The ¹²⁹Xe NMR spectrum of xenon in m‐fluorophenol was measured at 251 K on a Bruker DSX300WB spectrometer (¹²⁹Xe Larmor frequency 83.03 MHz) using a 7 mm variable angle spinning (VAS) probe head (DOTY Scientific, Inc., USA), without spinning. The static powder spectrum (the axis of the solenoid coil was set perpendicular to the external magnetic field) was observed while applying cross‐polarization (CP) and proton decoupling. The following acquisition parameters were used: ¹²⁹Xe pulse width 5 μs, ¹H decoupling pulse width 16 μs, mixing time 5.4 ms, repetition time 35 s, strength of the ¹H decoupling field 34 kHz, and number of collected free induction decay (FID) signals 220. The aim of applying proton decoupling was to diminish the effect of the ¹²⁹Xe–¹H dipolar coupling on the line width. The ¹²⁹Xe chemical shift was measured relative to the isotropic ¹²⁹Xe chemical shift in hydroquinone, in which the shift relative to zero‐pressure xenon is known to be 222.1 ppm.

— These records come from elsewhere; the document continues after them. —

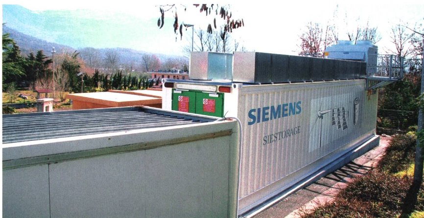
Bild 4 Batteriesystem des Isernia-Projekts in Italien.

Es hat sich gezeigt, dass sich Lithium-Ionen-Batteriespeicher vor allem im Niederspannungsbereich als Netzentlastung bzw. zur Aufnahme von überschüssiger Solar- oder Windenergie als lukrativ erweisen könnten. Für die Frequenzregulierung bzw. für die Speicherung grösserer Energiemengen ist die Anbindung ans Mittelspannungsnetz vorteilhafter, da die Verluste kleiner sind. Grundsätzlich ist die in Dietikon installierte Lösung für in-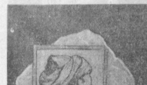
◆ Гозгон мариарига зарб этиган Абу Райҳон Беруний расми.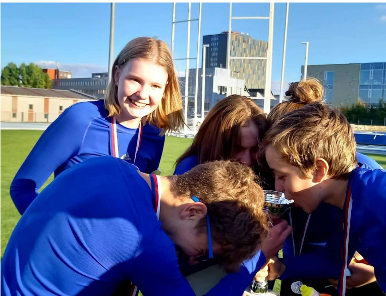
Sice jsme nevyhráli úplně všechno, ale máme nejhezčí holky!

A jak skončil náš mladší tým? Všechny disciplíny se jim moc povedly, a tak se umístili druzí!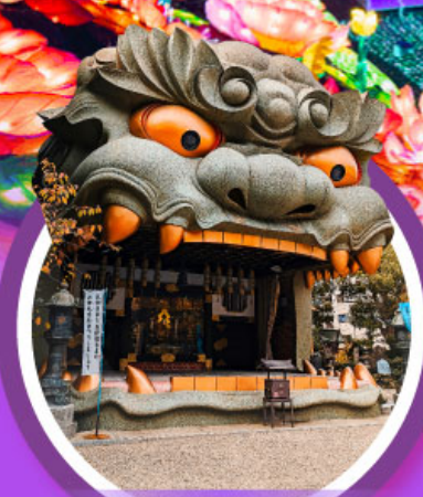
ศาลเจ้านิมบะ ยาชากะ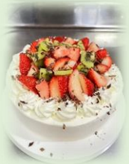
ステラの パティエ 手作り ケーキ です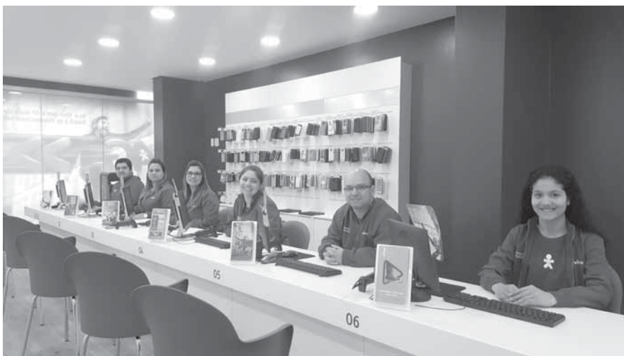
O ambiente da nova loja segue uma proposta estética minimalista e uma geometria espacial com formas retas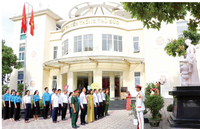
Đoàn 3: Đoàn đại biểu dâng hoa, dâng hương tại Nhà Truyền thống - Nhà bia ghi danh Liệt sĩ Thủ Đức, phường Linh Chiểu.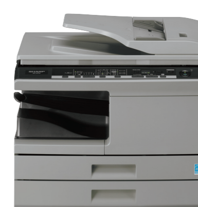
Základní jednotka Jednorůchodový podavač dokumentů Kazeta na papír

Zásoba papíru: 250 listů Gramáž papíru: 56 – 80 g/m 2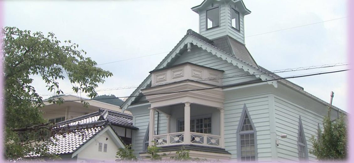
第98回 高梁と新島襄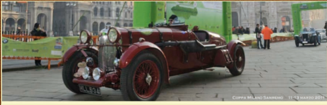
COPPA MILANO-SANREMO 11-13 MARZO 2011

EVENTI TOP EVENTS ANNUNCI DEALERS QUOTAZIONI NEWS INSERISCI CLUB ISCRIVITI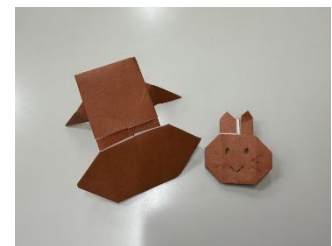
左:言葉のみ 右:図あり

感覚の違いを実感するとともに相手の立場に立って考える機会を中学生に提供されていることがわかりました。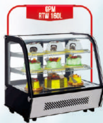
GPM RTW 160L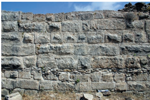
Figure 6. Mur sud du Palais royal d'Ougarit composé de blocs à bossage d'économie et assemblés en alternant l'obliquité de leur profil trapézoïdal.

Les parements étaient aplanis uniquement lorsque cela s'imposait techniquement ou bien, pour présenter une surface très soignée, comme l'intérieur des tombeaux. Partout ailleurs, y compris sur les façades extérieures du Palais royal, seules deux ou trois ciselures étaient taillées en bordure des parements pour faciliter leur mise en œuvre. Le reste de la face était laissé brut d'extraction et formait un bossage, souvent assez irrégulier (voir figure 6). Cette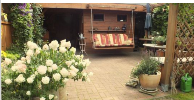
Sitzecke im Garten

Temperature calibration was based on the measurement of the ¹H chemical shift difference in a separate methanol sample.44 Prior to Fourier transformation the FID signal was multiplied by an exponentially decaying apodization function leading to ≈100 Hz line broadening.

The ¹²⁹Xe NMR spectrum of xenon in o‐fluorophenol was in turn measured at 253 K on a Bruker DPX400 spectrometer (¹²⁹Xe Larmor frequency 110.70 MHz) using a 5 mm broad band observe (BBO) probe head. ¹²⁹Xe chemical shift is given with respect to the signal of zero‐pressure xenon gas, which was determined using two samples with known xenon pressure and extrapolation using the second virial coefficient. Temperature calibration was in this case performed using ¹H chemical shifts in methanol, but with methanol placed in the annulus of a double tube system (outer tube 5 mm, inner tube 4 mm). A ¹²⁹Xe pulse width of 29.5 μs was applied. Prior to Fourier transformation, the FID signal was multiplied by an exponentially decaying apodization function leading to 50 Hz line broadening.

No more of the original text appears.